As for FinCEN’s use of absolute rather than proportional SARs data, FBME Bank argued that the number of illegal transactions was only a small percentage of the bank’s activities. In response, FinCEN conceded that its focus was on absolute rather than relative data, explaining that the volume of suspicious transactions was a more useful metric than proportional data which “may allow significant volumes of money to pass through large banks.”  The court refused to address the validity of FinCEN’s logic relating to its reliance on absolute numbers rather than proportional data.

The court refused to address the validity of FinCEN’s logic relating to its reliance on absolute numbers rather than proportional data.

According to the court, these claims by the bank were “beyond the scope of the Court’s review of this motion, which is limited to considering whether FinCEN adequately responded to FBME’s comments regarding SARs data – not evaluating whether the agency properly applied the statutory factors.” Moreover, the court stated that there was no reason to conclude that the controlling statute, 31 U.S.C. § 5318A, actually required consideration of proportional data.  Thus, FinCEN simply had no duty to consider proportional data, at least in this case, and was free to focus entirely on selected, problematic transactions when evaluating the bank. Even if consideration by FinCEN of some proportional data was required, the court stated that FinCEN’s interpretation of the statutory factors dictating its investigative requirements set forth in 31 U.S.C. § 5318A(c)(2)(B)(i) was reasonable and noted that FinCEN had indeed considered the extent of FBME Bank’s legitimate activity.
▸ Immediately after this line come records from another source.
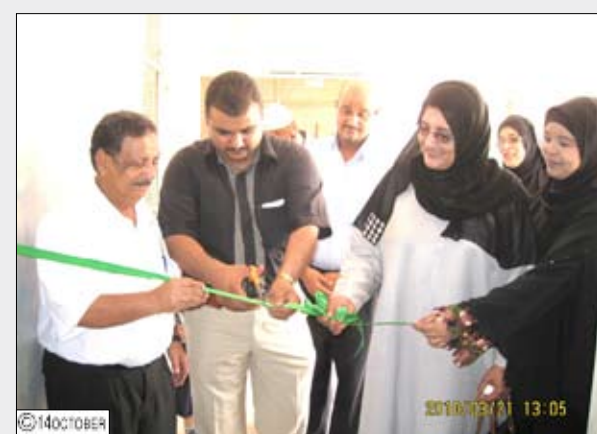
من فعاليات تكريم الأمهات المثاليات في مدارس المعلى
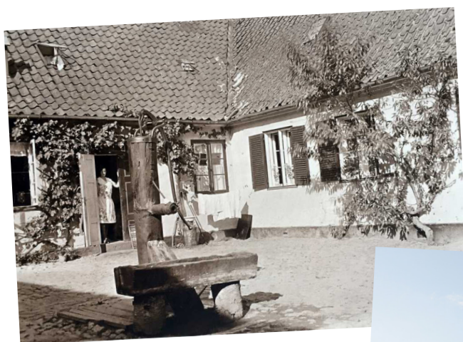
Billedet af den gamle gårdsplads med hestetrug er lånt fra Helsingør Museers Arkiv.

Som udgangspunkt vil Gl. Vapnagaards lokaler ikke kunne benyttes til rent kommercielle arrangementer.
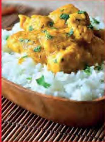
POULET AU CURRY INDIEN
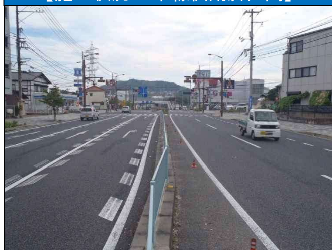
【施工状況：4車線供用済区間】
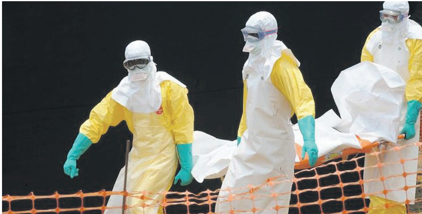
La prise en charge d'un malade d'Ebola

« Nous plaçons cette première visite de terrain sous le signe de la solidarité et de la compassion avec les populations affectées de Likati par ce huitième épisode de la maladie à virus Ebola en RDC. Nous appelons à plus de solidarité la commu-
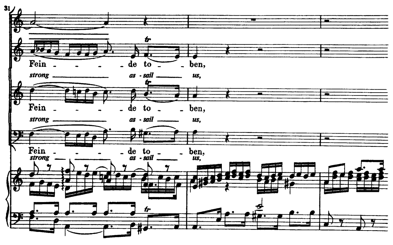
J.S. Bach - Church Cantatas BWV 178
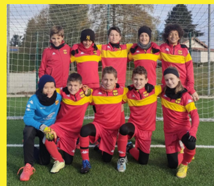
Le groupe A lors du Plateau à HPV

Le groupe A, composé principalement de 2e année, est maintenant en mesure de proposer un jeu cohérent. Le groupe B, composé d'une majorité de 1ere année découvre le jeu sur 1/2 terrain, les progrès sont significatifs et se voient semaine après semaine. Le groupe C, formé en partie de joueurs débutants le foot, rencontre logiquement des difficultés mais l'état d'esprit des joueurs nous laisse envisager de belles choses pour la suite. Un entraîneur responsable de l'équipe les samedis serait un vrai plus. L'appel est une nouvelle fois lancé ;)
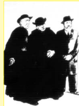
Collell (?), Torras i Bages i Gaudí

La relació Gaudí-Opisso possiblement va continuar, amb més o menys intensitat. Opisso sempre va valorar l'ensenyament artístic i humà rebut al costat de Gaudí, pel qual va sentir tota la vida una veritable veneració. Aquesta actitud es reflecteix en una sèrie d'articles publicats durant els anys cinquanta al Diario de Barcelona , a tall de memòries de joventut. Creiem que, probablement, Gaudí hauria conegut el ressò dels dibuixos esportius de Ricard Opisso i que a través d'ells potser va interessar-se, poc o molt, per l'esport.
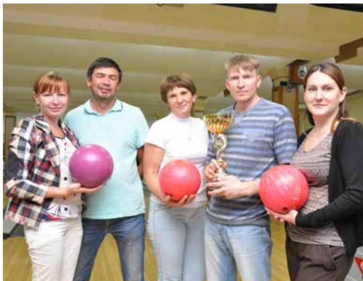
СУ ТДСК – победитель турнира

А теперь о ходе борьбы на дорожках. Резво стартовали проектировщики, после трёх игр набравшие 396 очков. В погоню за ними устремились команды СУ ТДСК (384 очка) и ЗКПД ТДСК (366 очков). Не спеша набирали очки команда Томскэкскавации (315 очков) и Томскстройзаказчика (309), рассчитывая на удачу в дальнейшем. После шести игр расстановки сил оставалась прежней.
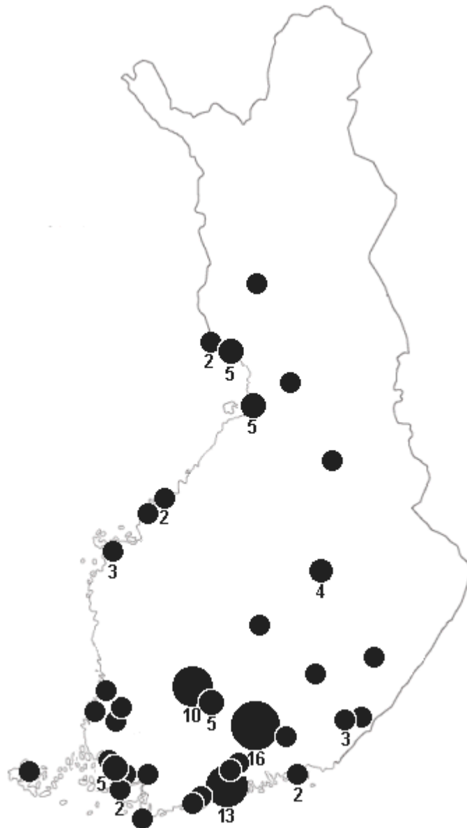
KUVA 4. Vuosien 1965, 1985 ja 2005 maajoukkuepelaajien kasvattajapaikkakunnat.

laajempaa tutkimusta, mutta jo lyhyellä vertailulla alueet vastaavat niin hyvin toisiaan, että pesäpallon suosion voi katsoa vaikuttavan.

The court was skeptical of some of FinCEN’s explanations relating to its response to FBME Bank’s alternate explanations of increased SAR filings. Ultimately, however, the court distilled FinCEN’s position to the following: FinCEN did not materially rely on any increase in the number of SAR filings involving FBME Bank during the Cypriot financial crisis as compared to past periods of time in the analysis.  Rather, FinCEN’s analysis rested on FBME Bank’s financial activity from 2006 to 2014 (not simply the crisis occurring from 2013 to 2014).  Indeed, FinCEN stated that it relied more on the various determinations of FBME Bank’s weak AML controls and the nature of the SARs (“the shell company transactions, the lack of transparency, and the other signals of money laundering”) than the absolute numbers filed.

Finally, and possibly most concerning, FinCEN argued – and the court accepted – that it was not required to establish an objective threshold or benchmark for the number of SARs that would present a concern. The court held that it was within FinCEN’s authority and judgment not to set benchmarks which could end up setting a target for banks or customers wishing to evade money laundering controls.  Additionally, the court noted that setting a threshold also may have the opposite effect of encouraging banks to relax their compliance programs if they believed they were below the limit.  This finding was similar to the finding regarding the lack of a need to focus on proportional data – the implication being that FinCEN has broad discretion in a specific enforcement action to focus on a particular bank, without necessarily comparing its conduct to the conduct of other banks, and to focus even further on particular transactions within that single bank, without necessarily comparing those problematic transactions to all other transactions within that bank.  This apparent outcome may beg the question:  when FinCEN concludes — and asserts in a filing and a press release — that a financial institution had an “unusually high” number of problematic transactions, that number was “unusually high” as compared to what?